I did read it, but the whole premise is flawed due to an apparently incomplete understanding of how LLMs work. Including code samples in your prompt won't have the effect you think it will.
LLMs are trained to produce results that are statistically likely to be syntactically well-formed according to assumptions made about how "language" works. So when you provide code samples, the model incorporates those into the response. But it doesn't have any actually comprehension of what's going on in those code samples, or what any code "means"; it's all just pushing syntax around. So what happens is you end up with responses that are more likely to look like what you want, but there's no guarantee or even necessarily a correlation that the tuned responses will actually produce meaningfully good code. This increases the odds of a bug slipping by because, at a glance, it looked correct.

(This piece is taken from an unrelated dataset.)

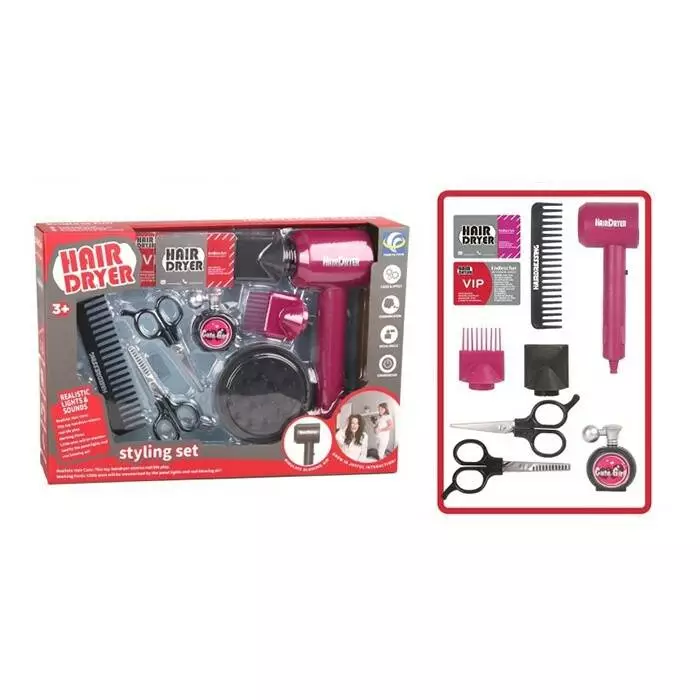 Набір аксесуарів YF820D-1 набір перукаря, фен, ножиці, гребінець, флакон, бат., кор., 39-26-7 см.

Until LLMs can generate code with proofs of semantic meaning, I don't think it's a good idea to trust them. You're welcome to do as you please, of course, but I would never use them for anything I work on.
If it works it works and it definitely works for me. I've been using Copilot for about a year and I can't imagine coding without it again. I cannot recall any bugs slipping by because of it. If anything it makes me write less bugs, since it has no problem taking tedious edge cases into account.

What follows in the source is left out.